If just one of us watches it will double it's viewing figures


----------



## Seahorse (Jan 18, 2012)

Thanks for the heads up. Are you back in the UK?


----------



## mersonwhoopie (Jan 18, 2012)

I'll have to check this out later. What was Alex Jones doing on The One Show?


----------



## mersonwhoopie (Jan 18, 2012)

mersonwhoopie said:


> I'll have to check this out later. What was Alex Jones doing on The One Show?



Ignore me! Just googled The One Show and see its not the same Alex Jones I was thinking of!


----------



## TeeJF (Jan 18, 2012)

Alex Jones... *sigh. That place must be like the one in Orkney on Hoy.

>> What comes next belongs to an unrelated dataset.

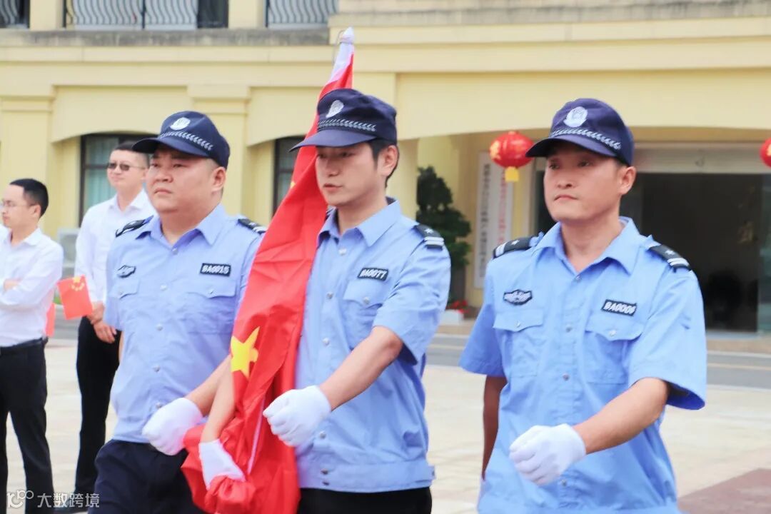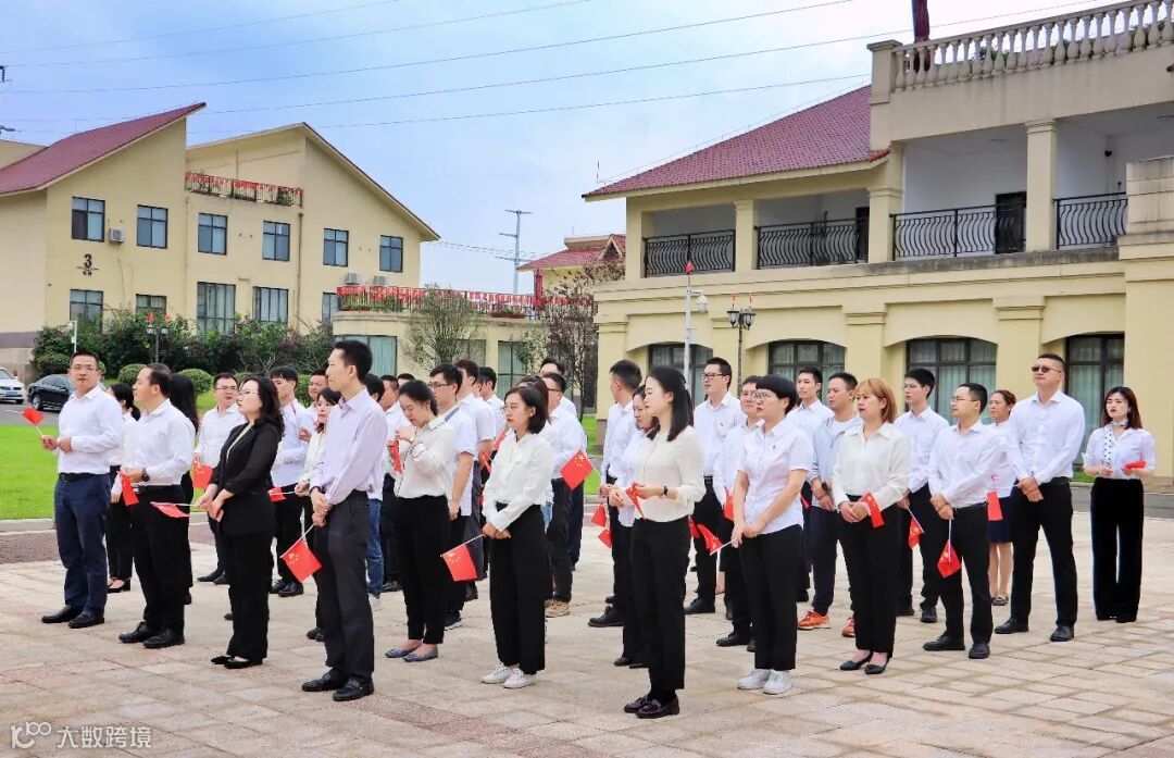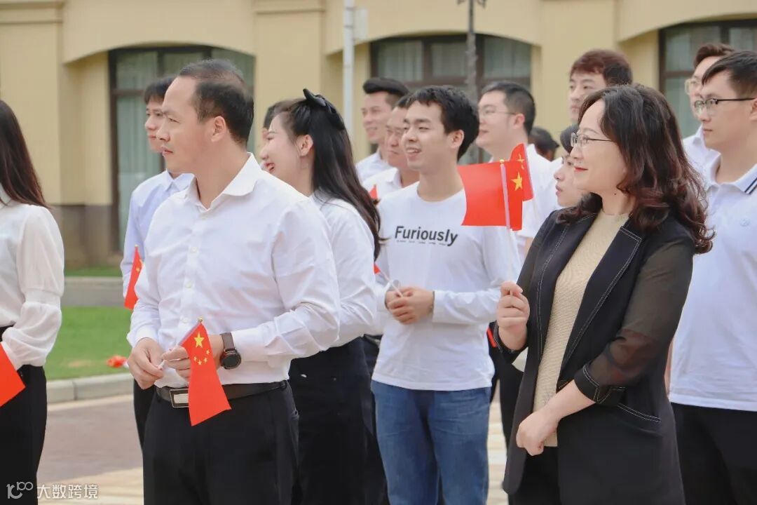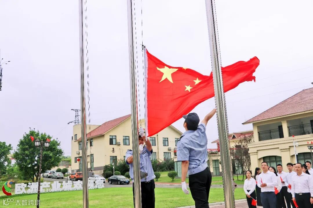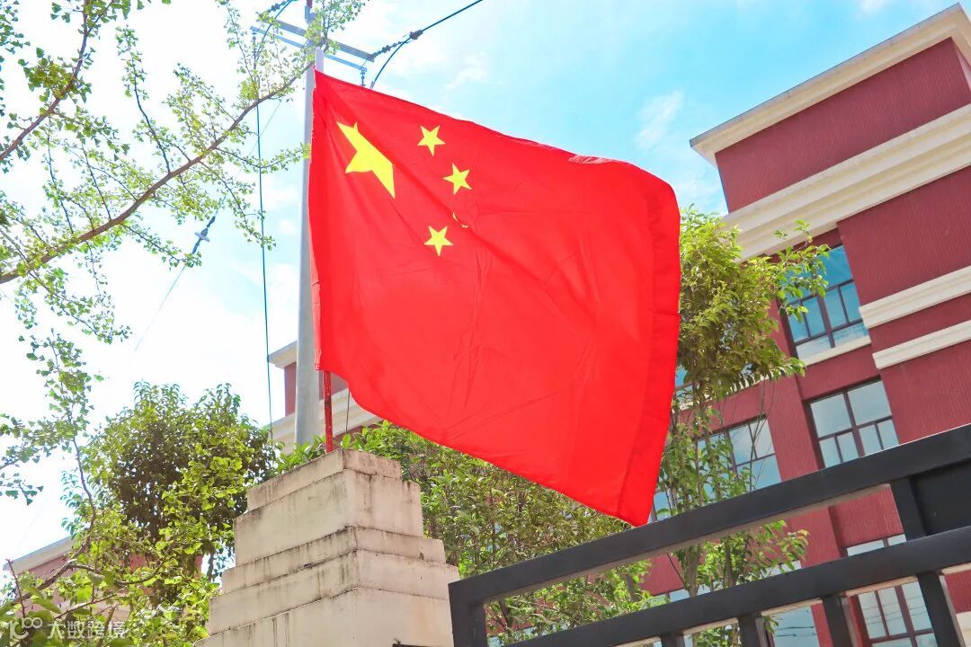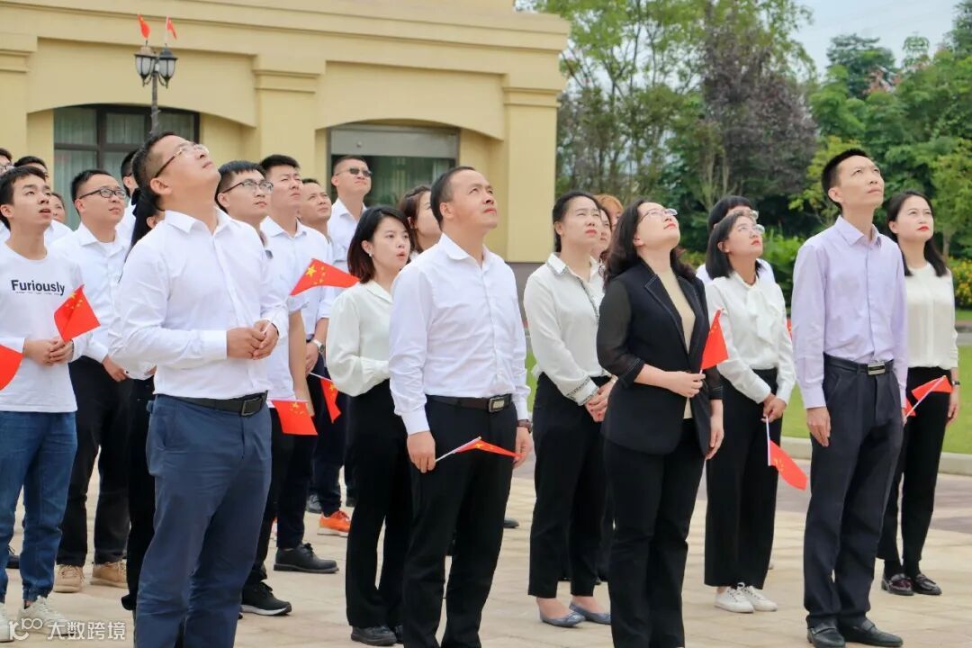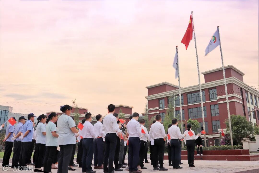 伴随着雄壮的《义勇军进行曲》,五星红旗冉冉升起,在场人员庄严肃立,面向国旗行注目礼,齐声高唱国歌,为伟大祖国送上深情祝福。

I got in that about 25 years ago and climbed up to the top of one of the tanks. My dive torch would throw a beam several hundred yards but I could not see the back of the tank. BIG!


----------



## zimbob (Jan 18, 2012)

Looking forward to this, Inchindown is ace 

Sadly lost half-an-hour of my life last night after reading that it was airing on the 17th...


----------



## Bax__ (Jan 18, 2012)

Seahorse said:


> Thanks for the heads up. Are you back in the UK?



Yeh, Need to meet up sometime for an explore......


----------



## Bax__ (Jan 20, 2012)

Feck! I forgot about this! Was it any good?


----------



## Pincheck (Jan 20, 2012)

Bax__ said:


> Feck! I forgot about this! Was it any good?



you will get it on catch up mate not to worry furthest north i have been was Golspie what beautiful if not scary bloody roads


----------



## Walrus75 (Jan 21, 2012)

Available on iPlayer, the article is about 33 minutes into the program.
http://www.bbc.co.uk/programmes/b007tcw7


----------



## Seahorse (Jan 21, 2012)

Bax__ said:


> Yeh, Need to meet up sometime for an explore......



Sounds like a plan. If I manage to get any time away from this boat, that is. Scheduled for 200 plus days at sea this year.


----------



## zimbob (Jan 21, 2012)

Walrus75 said:


> Available on iPlayer, the article is about 33 minutes into the program.
> http://www.bbc.co.uk/programmes/b007tcw7



Nice one, thanks for the link 

Worth watching, although I think they could have made more of it, linking it to the Tank Farm and so on. I am biased though


----------



## FFerret (Jan 22, 2012)

Thanks for the link.

Until recently used to watch The One Show on a regular basis, then got board with it.


----------